Here's Sarah Holifield with her essay for KUHF's This I Believe.
"I believe in picking blackberries in April with my dad. When I think about blackberries, I am five year old again, and I can't help but be happy, if only for a moment, no matter what else is going on in my life at the time.
When I was growing up, there was a large field between our back yard and the road. We lived in Houston but when I was in this field, I felt like I was in another place, a beautiful place. I loved this field and I especially loved it in April. My birthday is in April, and a birthday is very special to a child. Mine was made even more special by the appearance of blackberries in that field.
My dad would take me through the fence when the blackberries were ripe and give me a giant mixing bowl to fill. My dad and I were the only people who ever went there. I learned to look for red berries because they were easier to spot than the deep, almost black, purple color of the ripe berries, but where there was red, there would be purple, and purple was what I wanted. I loved how the purple would stain my fingers and tongue. I also loved how each individual piece burst on my tongue and filled my mouth with the sweet, tangy juice.
The blackberry bushes had thorns, which made it hard to pick the fruit but that didn't stop us and we always filled our bowls to the brim. My dad and I would come back through the fence and present two large mixing bowls full of blackberries to my mom and my little sister.

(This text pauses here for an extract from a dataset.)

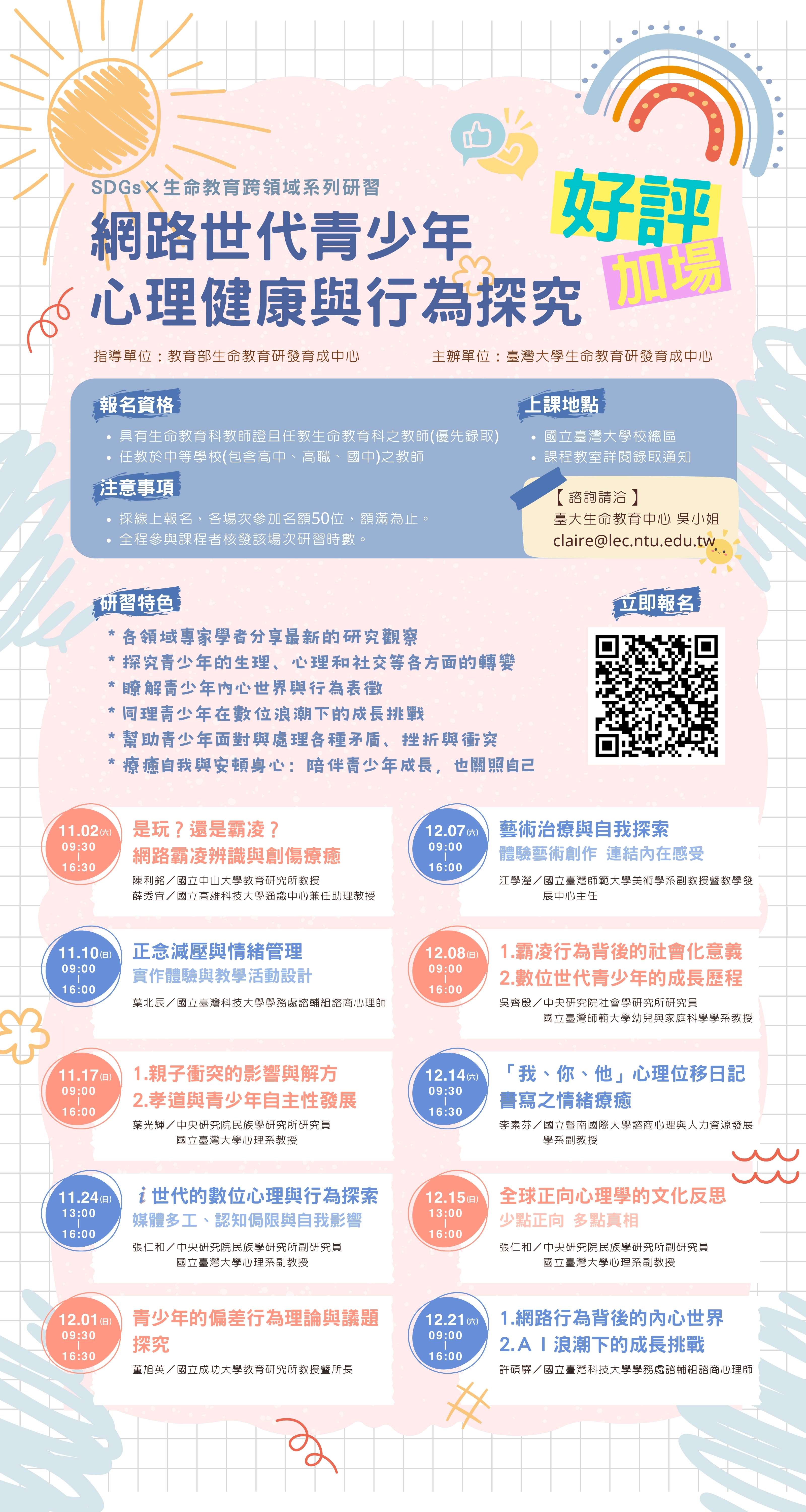 12月21日(星期六):網路行為背後的內心世界、AI 浪潮下的成長挑戰。

In the last several years, we've only gone once. The field doesn't seem as vast and impressive to me now, like it did when I was five. It's also getting overgrown, but it is still there, in the middle of the city. It is a part of my childhood that will always be there for me to reflect upon. I believe people should grow up but never completely leave childhood behind. I never want to forget how such a simple thing brought such a feeling of pure joy and happiness, and I never will. I'm not saying "I don't wanna grow up." I am saying that keeping in touch with my childhood innocence and wonder until the end of my life will keep me well. This I believe."